MoA-VR: A Mixture-of-Agents System Towards All-in-One Video Restoration

Lu Liu¹, Chunlei Cai², Shaocheng Shen¹, Jianfeng Liang¹, Weimin Ouyang¹, Tianxiao Ye², Jian Mao², Huiyu Duan¹, Jiangchao Yao¹, Xiaoyun Zhang¹, Qiang Hu,*¹, Guangtao Zhai¹

¹Shanghai Jiao Tong University, ²Bilibili Inc.

arXiv Code

Overview of the agents in MoA-VR. MoA-VR restores low-quality video clips with complex degradations through the collaboration of three agents: the degradation identification agent, the routing and restoration agent, and the quality assessment agent.

Real-world videos often suffer from complex degra- dations, such as noise, compression artifacts, and low-light distortions, due to diverse acquisition and transmission conditions. Existing restoration methods typically require professional manual selection of specialized models or rely on monolithic architectures that fail to generalize across varying degradations. Inspired by expert experience, we propose MoA-VR, the first Mixture-of-Agents Video Restoration system that mimics the reasoning and processing procedures of human professionals through three coordinated agents: Degradation Identification, Routing and Restoration, and Restoration Quality Assessment. Specifically, we construct a large-scale and high-resolution video degradation recognition benchmark and build a vision-language model (VLM) driven degradation identifier. We further introduce a self-adaptive router powered by large language models (LLMs), which autonomously learns effective restoration strategies by observing tool usage patterns. To assess intermediate and final processed video quality, we construct the Restored Video Quality (Res-VQ) dataset and design a dedicated VLM-based video quality assessment (VQA) model tailored for restoration tasks. Extensive experiments demonstrate that MoA-VR effectively handles diverse and compound degradations, consistently out- performing existing baselines in terms of both objective metrics and perceptual quality. These results highlight the potential of integrating multimodal intelligence and modular reasoning in general-purpose video restoration systems.

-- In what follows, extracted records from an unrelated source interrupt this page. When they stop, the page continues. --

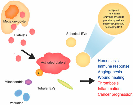 Platelets are anuclear fragments of megakaryocytes involved in hemostasis, immune response, angiogenesis and wound healing. On the other hand, platelets contribute to thrombosis, inflammation and cancer progression [55]. Because activated platelets release numerous mediators from their α-granules, secrete pro-inflammatory organelles like mitochondria and vacuoles and release extracellular vesicles (EVs), indicators of platelet activation have been studied as potential biomarkers of thrombosis [55]. The platelet-based mechanisms which might potentially underlie LT after TAVI are presented in Figure 2.
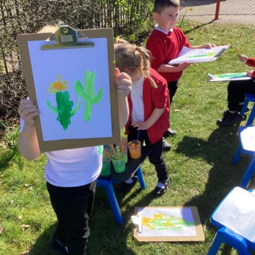 At Cherry Tree Hill, we will enable children to communicate what they see, feel and think. Children can experiment with their ideas, their use of colour, texture, form, pattern and different materials and processes. We ensure that there is ample opportunity for children to develop in six areas of art: drawing, painting, printmaking, sculpture, textiles and collage. We encourage children’s curiosity and enjoyment by teaching skills discreetly whilst also using art as a way to teach cross curricular subjects.
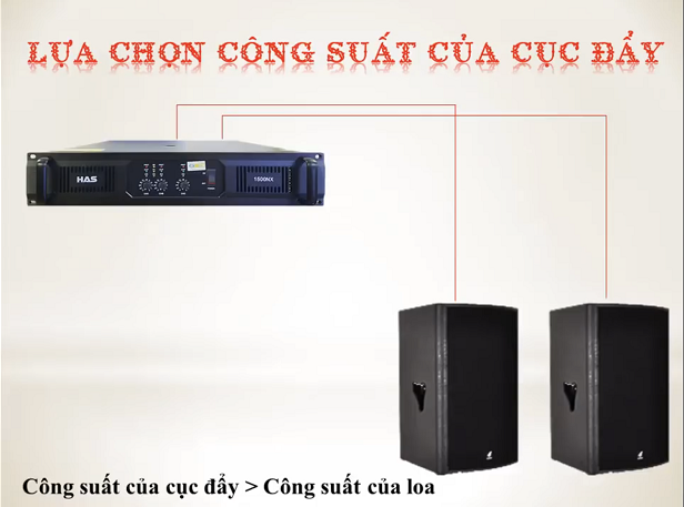 Theo nguyên tắc, cách chọn cục đẩy công suất lý tưởng sẽ lớn gấp 2 lần công suất trung bình của loa. Chẳng hạn bạn sử dụng hệ thống loa có mức công suất trung bình là 100W thì thường công suất PEAK là 400W, như vậy bạn chỉ cần chọn cục đẩy là 200W. Đây là công suất lý tưởng cho dàn âm thanh chất lượng.
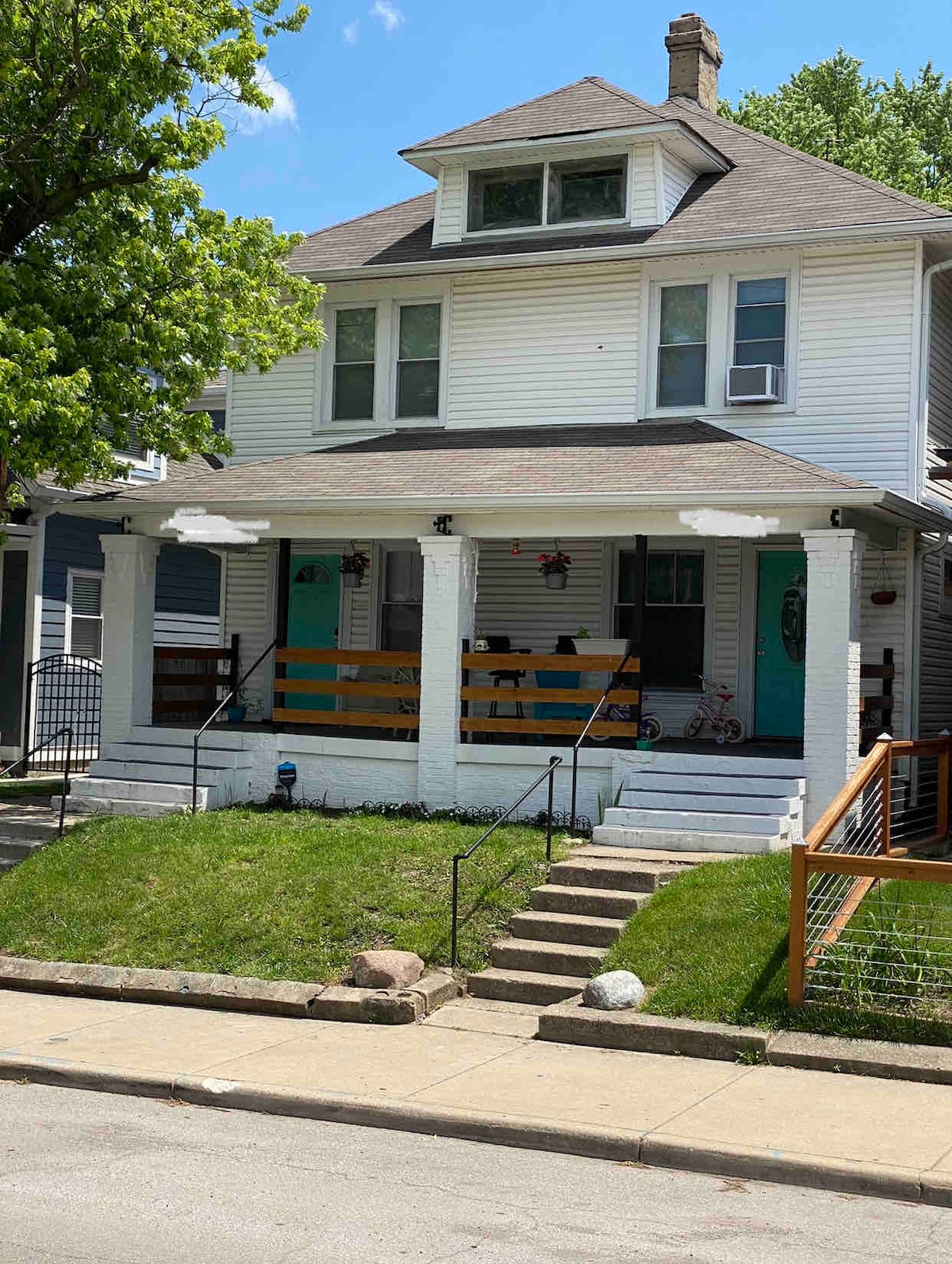 Book a night right on one of the Indy's favorite intersections! Updated 1 bed + 1 bath and outfitted with everything you will need, stay in our half of a duplex across from the upscale grocer, The Fresh Market. This corner has several great restaurants and brew pubs within steps of the front porch. Two blocks away, the Monon Trail resides and is Indy’s favorite way to walk and bike its most eclectic and lively neighborhoods. Bike share rentals are one block away.
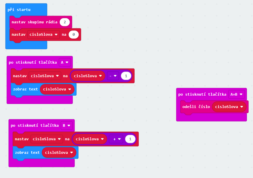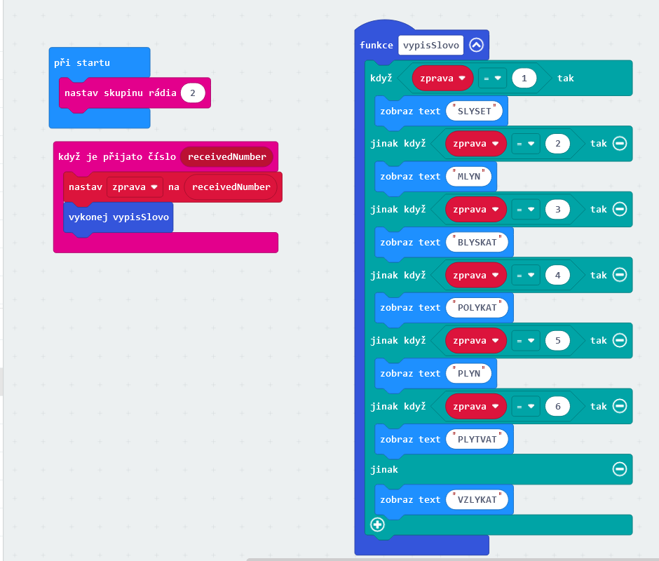 Na demonstraci radiove komunikace mezi microbity, jsme vytvorili jednoduchy tahak. Jeden microbit odesila cislo a druhy na zaklade prijateho cisla zobrazi dane vyjmenovane slovo.
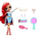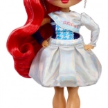 Poupée articulée avec de longs cheveux, des lunettes marquantes et des pièces argentées pour un jeu créatif et des séances photo.

Degradation Identification Agent Ai

The overall framework of Ai. Ai can evaluate all types of degradation levels in an all-in-one framework. It can process videos, along with prompts, to identify the degradations. It consists of a vision encoder to extract both spatial and temporal features and a text tokenizer to tokenize the input prompts. These features are projected into the same space by trained projectors. A pre-trained LLM is utilized to fuse the features while fine-tuned with LoRA.

Routing and Restoration Agent Ar

Illumination of degradation removal process by Routing and Restoration Agent Ar. Ar is able to route the degradation removal orders, rollback when restoration fails, reroute to another degradation removal orders.

Quality Assessment Agent Aa

An overview of quality assessment agent Aa. It consists of three feature encoders, including an image feature extractor for extracting spatial features from sparse video frames, a motion feature extractor for extracting motion features from the entire video, and a text encoder for extracting aligned text features from prompts. The extracted features are then aligned through projectors and fed into a pre-trained LLM to generate the output results. LoRA weights are introduced to the pre-trained image encoder and the large language model to adapt the models to the quality assessment task.

Agent Collaboration and Closed-Loop Design

MoA-VR incorporates three specialized agents within a closed-loop architecture. For a low-quality input video, Ai identifies the degradation type and level; Ar generates a degradation removal plan and then invokes the corresponding restoration toolbox; Aa assesses all the intermediate results and chooses the best quality one. Then Ai identifies whether the previous restoration was successful. If it fails, Ar rolls back and reroutes; if successful, Ar follows the previous plan. This loop continues until all degradations are removed.